I am really excited to be at PNNL – there has been a queue of people wanting to talk about semantic data. We go over the fundamentals – if there are N ontologists in a room there are > N^2 fights. Ontologies are very close to people’s souls – they have developed their world models over years and they are similar but slightly different from everyone else’s. So we agree to keep things simple – and that’s feasible in down-to-earth physical science.
We are starting with two areas where data needs to be captured and searched (NMR spectra and Compchem). Here’s compchem
We’re using NWChem – IMO the world’s leading Open source computational chemistry (QC) code and arguably the leading one anyway. (It’s difficult to tell because the closed source ones don’t all allow benchmarks.) So NWChem is the centre. Traditionally it takes input (pink) and produces output (pink) , the point being that this is often done by hand. Some codes have GUI stuff and there’s also quite a lot of contributions from the Blue Obelisk. But what you are looking at is a leap beyond that – Quixote, dictionaries and Chempound. All, of course, Open. (Which makes it easy for any others who wish to interoperate rather than compete).
The problem with hand created input is it doesn’t scale, is desperately tedious, there are frequent human errors, little machine validation of quality, etc. We can fix all that by using Chemical Markup Language (blue). The job itself is described as a product of about 6 axes:
- Molecule. (this can also mean crystal or other extended phase). There are many legacy formats, and we can convert them all into CML
- Commands. There are a relatively common set of things we want to do. Optimisation, calculation of properties, etc.

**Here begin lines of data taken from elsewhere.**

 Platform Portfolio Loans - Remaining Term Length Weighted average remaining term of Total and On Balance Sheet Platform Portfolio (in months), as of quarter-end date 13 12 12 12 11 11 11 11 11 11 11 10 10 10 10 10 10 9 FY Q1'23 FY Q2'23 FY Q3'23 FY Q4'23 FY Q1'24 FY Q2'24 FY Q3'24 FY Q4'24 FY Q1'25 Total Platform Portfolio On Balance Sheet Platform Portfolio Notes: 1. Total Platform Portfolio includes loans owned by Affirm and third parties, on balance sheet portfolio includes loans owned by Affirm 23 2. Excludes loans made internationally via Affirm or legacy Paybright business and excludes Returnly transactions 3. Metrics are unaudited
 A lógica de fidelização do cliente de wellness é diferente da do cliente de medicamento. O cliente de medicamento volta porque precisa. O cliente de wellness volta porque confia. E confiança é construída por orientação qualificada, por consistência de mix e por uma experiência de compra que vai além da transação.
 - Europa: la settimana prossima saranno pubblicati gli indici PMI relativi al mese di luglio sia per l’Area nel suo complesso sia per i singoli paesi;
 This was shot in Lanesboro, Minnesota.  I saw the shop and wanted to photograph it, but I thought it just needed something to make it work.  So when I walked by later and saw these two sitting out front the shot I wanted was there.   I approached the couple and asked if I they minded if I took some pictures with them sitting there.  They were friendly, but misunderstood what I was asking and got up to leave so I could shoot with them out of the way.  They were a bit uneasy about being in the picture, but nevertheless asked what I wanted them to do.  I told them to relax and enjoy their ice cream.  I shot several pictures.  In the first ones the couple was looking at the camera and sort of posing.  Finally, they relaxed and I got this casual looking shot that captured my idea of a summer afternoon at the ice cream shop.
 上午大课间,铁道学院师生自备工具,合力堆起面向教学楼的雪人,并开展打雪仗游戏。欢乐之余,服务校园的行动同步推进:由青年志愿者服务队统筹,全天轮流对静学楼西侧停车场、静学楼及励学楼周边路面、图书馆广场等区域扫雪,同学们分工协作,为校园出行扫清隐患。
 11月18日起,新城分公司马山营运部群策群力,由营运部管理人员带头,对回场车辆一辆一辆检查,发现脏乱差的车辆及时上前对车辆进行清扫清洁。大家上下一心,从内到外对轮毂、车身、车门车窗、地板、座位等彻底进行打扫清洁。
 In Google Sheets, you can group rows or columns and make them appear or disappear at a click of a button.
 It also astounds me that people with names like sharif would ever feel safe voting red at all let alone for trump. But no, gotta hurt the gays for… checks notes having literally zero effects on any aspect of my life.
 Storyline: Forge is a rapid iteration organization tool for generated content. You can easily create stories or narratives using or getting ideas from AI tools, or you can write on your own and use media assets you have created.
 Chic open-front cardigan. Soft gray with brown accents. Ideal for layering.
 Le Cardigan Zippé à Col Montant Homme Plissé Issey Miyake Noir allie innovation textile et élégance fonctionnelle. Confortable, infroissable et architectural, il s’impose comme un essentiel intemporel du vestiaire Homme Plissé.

- Basis sets. PNNL is the world leader as it produces the popular and valuable Open Basis Set Exchange BSE. Basis sets describe the atomic orbitals that we shall use to create the molecular orbitals. (don’t switch off, it gets easier)
- Methods and functionals. In simple terms how we set up Schroedinger’s equation to calculate the energy of the molecule.
- Physical Parameters. What pressure, temperature, electric field etc. to we wish to impose?
- “environment”. The local stuff about who ran the job, when, how and on what machine
Generally we can mix and match any of these (and that’s called a parameter sweep. We might have a fixed protocol and wish to apply it to 10,000 molecules. Or we might wish to take just a few molecules and try 50 basis sets (to see which gives the best agreement with experimental measurements. Or to step through a series of pressures, maybe modelling the earth’s crust.
The parameters are abstractions and independent of the program syntax. In principle they can be used with any of the main programs. The framework means that chemists don’t have to worry about the syntax. So Quixote will generate all the CML input files. These are then converted by templates (automatically) to program input (in the future we’ll use CML directly).
The program runs and creates outputs. These are normally created for human viewing but we’ve written JUMBOParser that reads them and extracts all the information into CML. This is then ingested into a Chempound repository (which holds the native input and output, the CML and also transformed RDF). And today we got the Chempound repository working here. It now ingests NWChem files. The repository is designed to allow very sophisticated searches (using RDF, SPARQL and InChI/CML). Currently very few computational chemists store their output in searchable form. Quixote is changing that.
We can be even more professional. Rather than transform and parse, we can read CML directly into the program. It needs a bit of tweaking, but that is done with FoX. FoX was written by Toby White and now tended by Andrew Walker at Bristol. FoX is a library which reads and writes XML in FORTRAN. A bit creaky compared with other languages but it works.
Then there are the dictionaries. EVERY CML component in the file must be described by a dictionary entry. That means we have to write them, and we are doing exactly that. Hard work, but necessary. Of course you don’t get impact factors for doing it, though you should.
So one more three-quarter day. I haven’t been here long enough but the momentum is unstoppable.